Mengiste is careful not to blame fathers for the actions of their sons, however, and the contrasting figures of Hirut and Ettore’s fathers provide balance and moral complexity. Hirut’s father’s relentless drilling with the Wujigra connects Hirut to a positive identity and prepares her to resist the same misogyny and racism that other fathers have espoused for their sons. This allows Hirut to shift out of her expected role and take up arms for Ethiopia. In contrast, though Ettore’s father has given moral counsel and warned him against the corrupting influences of racism and misogyny, his influence does not guarantee Ettore’s adherence to morality. Rather than guiding his son, his memory only haunts Ettore with guilt as he complies with the atrocities of war and colonialism.

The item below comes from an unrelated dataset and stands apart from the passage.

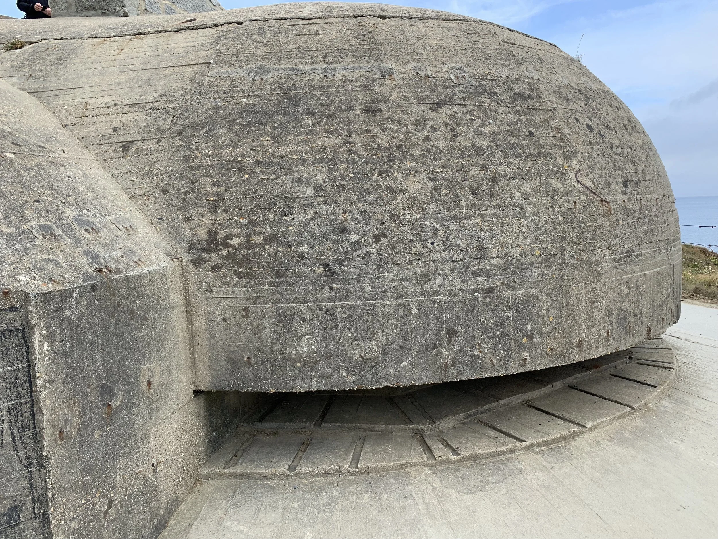 A month before D-Day, an aerial bombardment of Pointe-du-Hoc took place. As a result, the Germans considered their guns to be in danger and could be better used elsewhere. The guns were removed and large wooden poles were put in their place to give the appearance (from the air) that they were still there.

Finally, Aster’s fathers’ low opinion of her as a woman does not hinder or discourage her transformation into the soldier who will lead Kidane’s army after he falls. The misogyny, beatings, and use of her as a political pawn feed the rage that motivates her to take up arms. Aster, like Hirut, like Ethiopia itself, refuses to be defined by racist and misogynist narratives, and she carves out a role for herself and other women in the war despite her father’s and husband’s disdain.